For Goodman, the ideal situation would be to level up the number of US students who study abroad (about 306,000 in 2018-19, according to IIE figures) to the number of international students in the US (nearly 1.1 million in 2019-20). “US students don’t study abroad in the numbers that we would like but they can sit next to someone from India, China or Iraq in their [US] classroom – this forces us all to think of things from a wider perspective, not just from the US or the developed world perspective,” he says.
The UK, too, has its sights set high regarding incoming international students, aiming for 600,000 a year by 2030: a 30 per cent increase on pre-pandemic numbers. Brady thinks there is “arguably a role for government to decide the mix of international students we want in our education system – one that is good for our UK students, as well as for the international students – rather than just letting market forces dictate what it is”. However, such a move would be counter-productive, according to Nick Hillman, director of the Higher Education Policy Institute.

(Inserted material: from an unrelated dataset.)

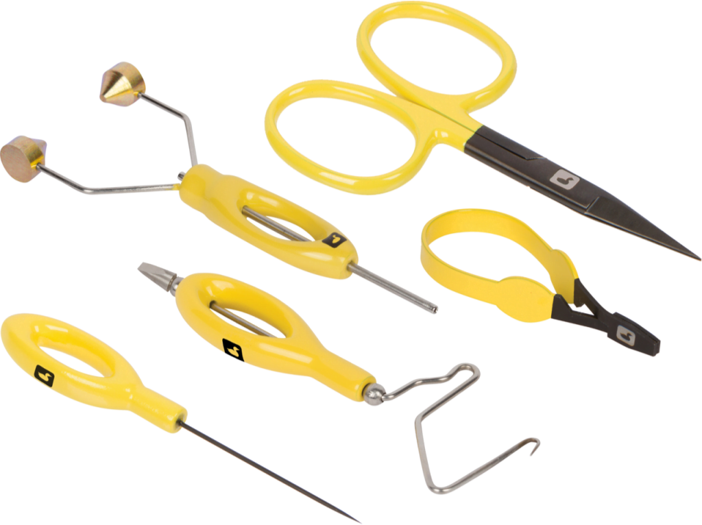 Packaged in a heavy duty travel case and featuring the Ergo All Purpose Scissors, Ergo All Purpose Bobbin, Ergo Bodkin, Ergo Whip Finisher, and Ergo Hackle Plier this is an excellent choice as a gift for the first-time tyer, or the long-time tyer who wants to trick out his or her bench with something new.

This is because “very large numbers of international students actually make it easier for home students to enrol because they transform the finances of institutions. Without them, some courses wouldn’t run,” he says.
“You want balance. It is naive to think that it is going to be achieved on every course, but if there are courses that are typically dominated by one particular international market, universities just have to be upfront about that,” he says.
LaTrobe’s Leask agrees. “It would be a great shame if universities aren’t teaching students global thinking,” she says. “As we struggle to get back to ‘normal’, I just hope we don’t lose what we learned in the last 15 years – namely, that there is added value for both students and academics in having diverse voices in our classrooms.”